Knöll: Ich kann das gar nicht erklären, wenn’s im Bauch kribbelt, wenn da Bilder losgehen, wenn ich Lust kriege diesen Text zu sagen und zu spielen. Lust ist eh fast alles. Die kommt manchmal ganz von selbst über einen und manchmal muss man sie erst suchen.

MM: Was mögen Sie gar nicht?

Knöll: Kaputte Rolltreppen. Wahnsinnig deprimierend.

MM: Lampenfieber?

Knöll: Furchtbar. Vor allem bei Premieren. Ich kriege alle Zustände, Schweißhände, Wallungen und alles. Langsam bin ich wenigstens auf den Proben nicht mehr ganz so nervös. Ich hatte anfangs großen Respekt vor den erfahrenen Kollegen … Da piepst man so ein bisschen scheu etwas Text vor sich hin und auf einmal kommt einem so richtig Bombe gleich etwas zurück, da war ich anfangs ganz fertig, positiv fertig.
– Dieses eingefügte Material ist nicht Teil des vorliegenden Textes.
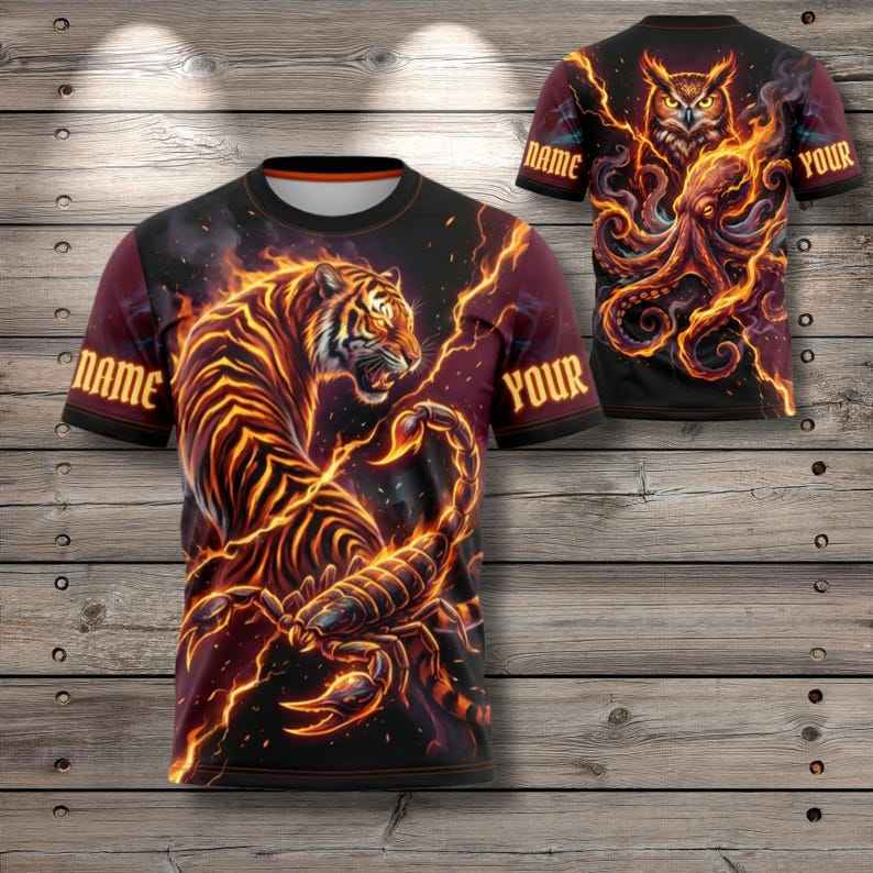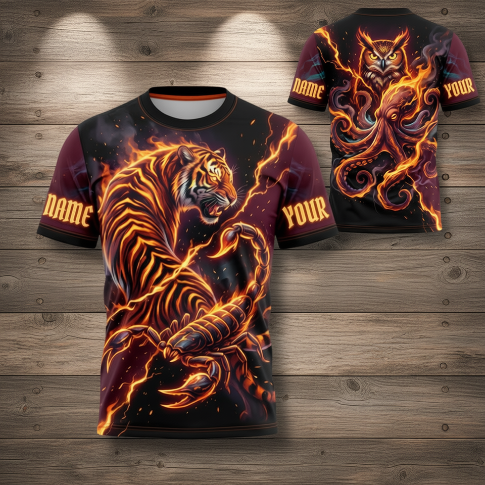 Maglietta personalizzata Tiger Scorpion con nome personalizzato Fire Fantasy AOP Tee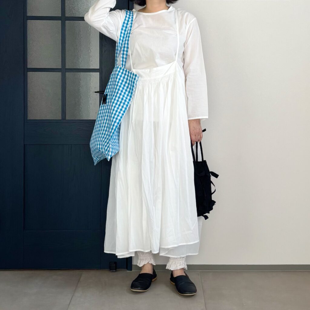 お気に入りのキャミジャンスカ、トップス、レイヤードしたペチパンツをホワイトで揃えて、水色ギンガムでさらに爽やかな春コーデ。

Mittlerweile hab ich schon ein bisschen mehr Routine. Seit meinem Einstieg in den Beruf, im Mai, habe ich jetzt etwa 40 Vorstellungen am Volkstheater gespielt … Und ja … langsam kommt das, worauf ich mich von Beginn an sehr gefreut habe und was man halt nicht lernen kann: Berufserfahrung. „Ein Traumjob“, um „Heimwärts“ zu zitieren.

MM: Im März kommt die nächste Premiere. Sie sind die Beatrice in „Viel Lärm um nichts“.

Knöll: Ja … die erste große Rolle. Ich freue mich sehr auf Regisseur Sebastian Schug, auf die Kollegen, mit denen ich bis jetzt noch nicht das Vergnügen hatte, auf die Shakespeare-Gaudi ganz generell. Aber jetzt soll erstmal das Neue Jahr kommen. Neues Spiel, neues Glück. Ich steh voll im Saft.